Nzuri Copper's updated Kalongwe copper-cobalt project study features robust financial metrics
The project is in the Kolwezi region of the Democratic Republic of Congo (DRC).
The updated stage 1 FS was based on revised pricing, reflecting continued increases in the cobalt price, and point-of-delivery.
Results reinforce economic and technical merits
The results have further reinforced the project’s financial and technical merits, delivering significantly enhanced financial returns.
All production targets and forecast financial outcomes for stage I are 100% underpinned by ore reserves.
Chief executive officer Mark Arnesen said: “The Kalongwe Copper-Cobalt Project continues to go from strength to strength.

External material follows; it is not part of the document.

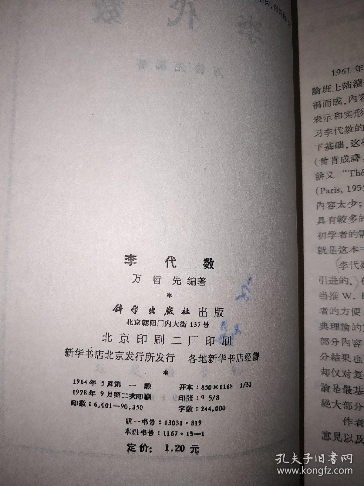 李代数(万哲先) xhl-p_网上买书_收藏品交易

"The updated stage I feasibility study has delivered an impressive pre-tax net present value of US$186 million, a 99% internal rate of return and increased ore reserve which now underpins an 8-year mine life.
"This incorporates updated, though still conservative, cobalt pricing assumptions.
"It is also based on an enhanced point-of-delivery at Kolwezi based on advanced discussions with potential off-takers completed since the 2017 feasibility study."
Increased ore reserve and cobalt contribution
Since the last study was completed the reserve has increased to about 8 million tonnes at 2.94% copper and 0.34% cobalt.
Revised mine planning from the FS update has resulted in an increase of cobalt only mineralised material stockpiled in Stage1.
This has increased from 900,000 tonnes to 1.6 million tonnes grading 0.57% cobalt.
Open pit mining
The FS is based on an open pit mining operation utilising an on-site 1 million tonnes per annum DMS (Dense Media Separation) processing plant.
This should produce two high-quality dry saleable concentrate products suitable as a feedstock for off-site SX-EW processing.